Instructions to follow: Exactly reproduce the lines of the listing below from the one containing "4.4帖(2階)・洋室 4.8帖(2階) |" through the one containing "まず、昨日の食べ物試験の経過". Skip the images.

Data for processing:
+ + + +
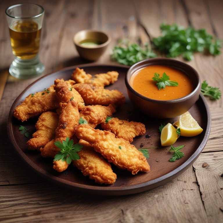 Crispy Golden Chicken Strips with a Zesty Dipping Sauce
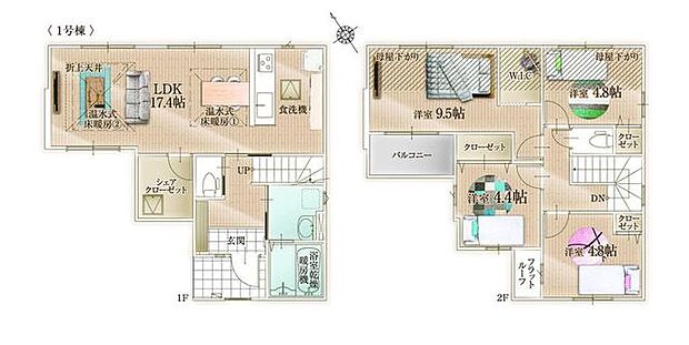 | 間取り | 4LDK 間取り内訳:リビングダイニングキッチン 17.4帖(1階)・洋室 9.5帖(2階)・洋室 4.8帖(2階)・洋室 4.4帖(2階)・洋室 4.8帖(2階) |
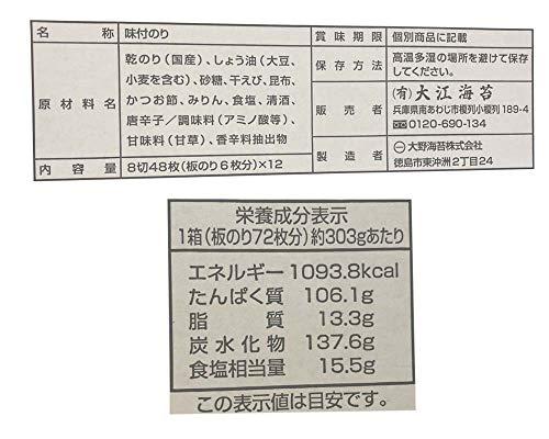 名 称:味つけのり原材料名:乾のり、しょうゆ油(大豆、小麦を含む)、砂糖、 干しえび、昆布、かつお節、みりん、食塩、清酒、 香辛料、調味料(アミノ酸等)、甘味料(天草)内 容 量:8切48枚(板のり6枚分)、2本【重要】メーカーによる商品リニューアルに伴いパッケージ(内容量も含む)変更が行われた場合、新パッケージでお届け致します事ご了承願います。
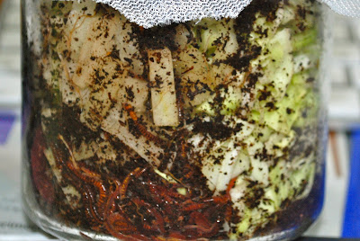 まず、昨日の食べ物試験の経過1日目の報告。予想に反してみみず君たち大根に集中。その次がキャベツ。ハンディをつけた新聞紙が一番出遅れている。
+ + + +
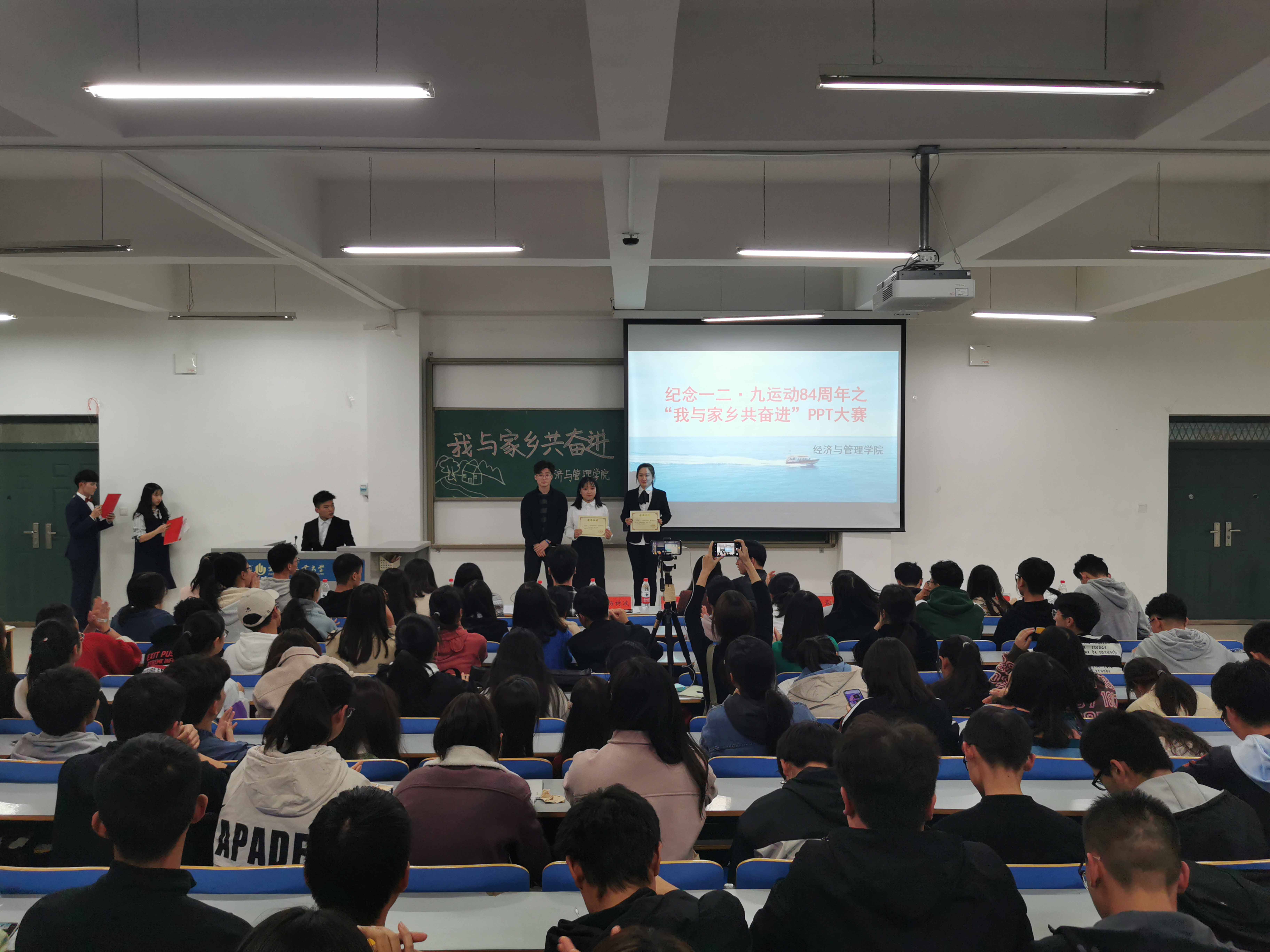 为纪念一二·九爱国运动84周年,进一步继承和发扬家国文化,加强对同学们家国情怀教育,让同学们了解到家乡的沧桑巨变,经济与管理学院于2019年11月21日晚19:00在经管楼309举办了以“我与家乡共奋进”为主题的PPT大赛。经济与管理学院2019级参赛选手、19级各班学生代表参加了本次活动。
+ + + +
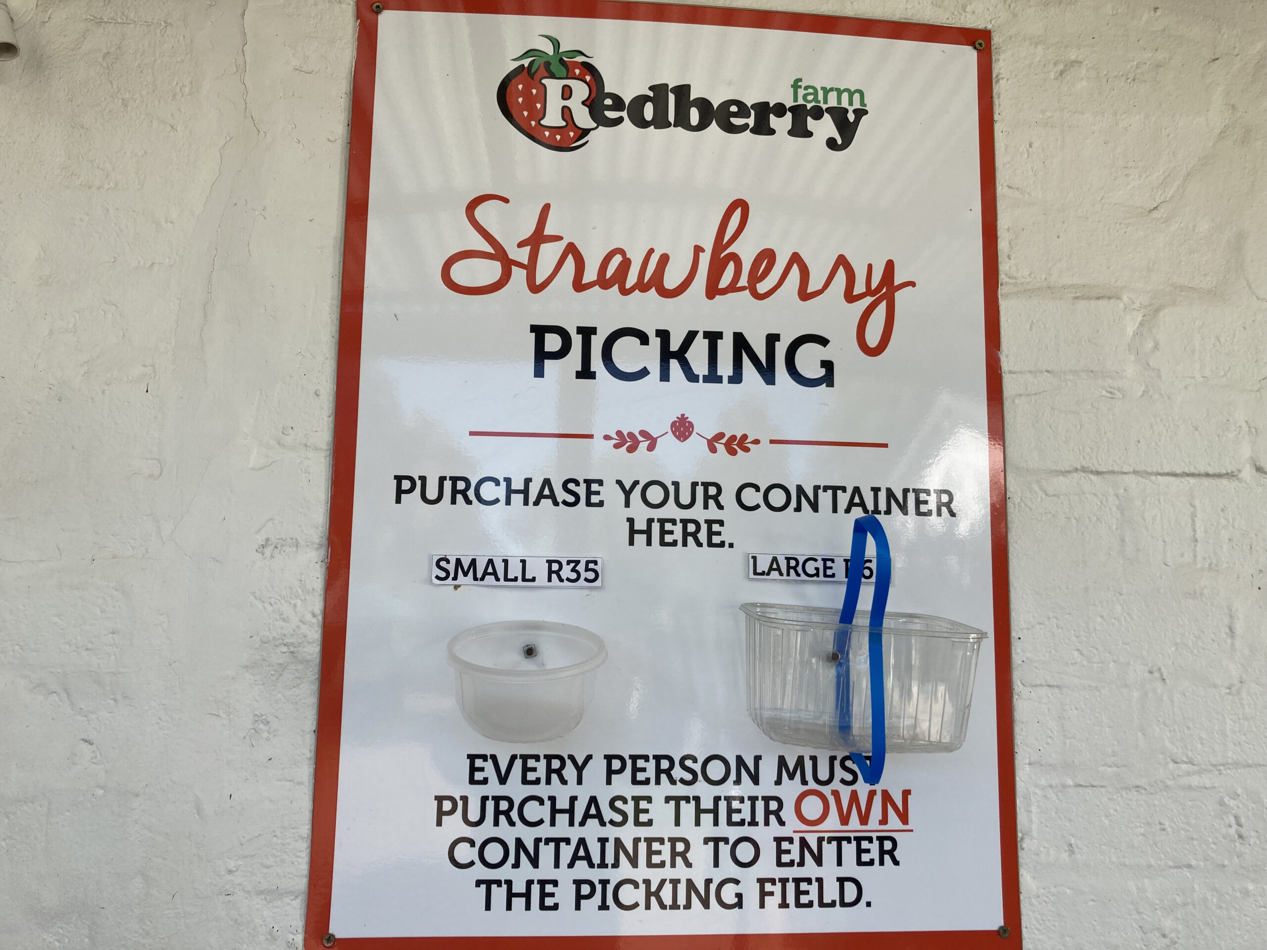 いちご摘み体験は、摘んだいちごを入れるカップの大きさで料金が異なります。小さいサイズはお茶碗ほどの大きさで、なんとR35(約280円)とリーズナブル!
+ + + +
Output below:
 | 間取り | 4LDK 間取り内訳:リビングダイニングキッチン 17.4帖(1階)・洋室 9.5帖(2階)・洋室 4.8帖(2階)・洋室 4.4帖(2階)・洋室 4.8帖(2階) |
 名 称:味つけのり原材料名:乾のり、しょうゆ油(大豆、小麦を含む)、砂糖、 干しえび、昆布、かつお節、みりん、食塩、清酒、 香辛料、調味料(アミノ酸等)、甘味料(天草)内 容 量:8切48枚(板のり6枚分)、2本【重要】メーカーによる商品リニューアルに伴いパッケージ(内容量も含む)変更が行われた場合、新パッケージでお届け致します事ご了承願います。
 まず、昨日の食べ物試験の経過1日目の報告。予想に反してみみず君たち大根に集中。その次がキャベツ。ハンディをつけた新聞紙が一番出遅れている。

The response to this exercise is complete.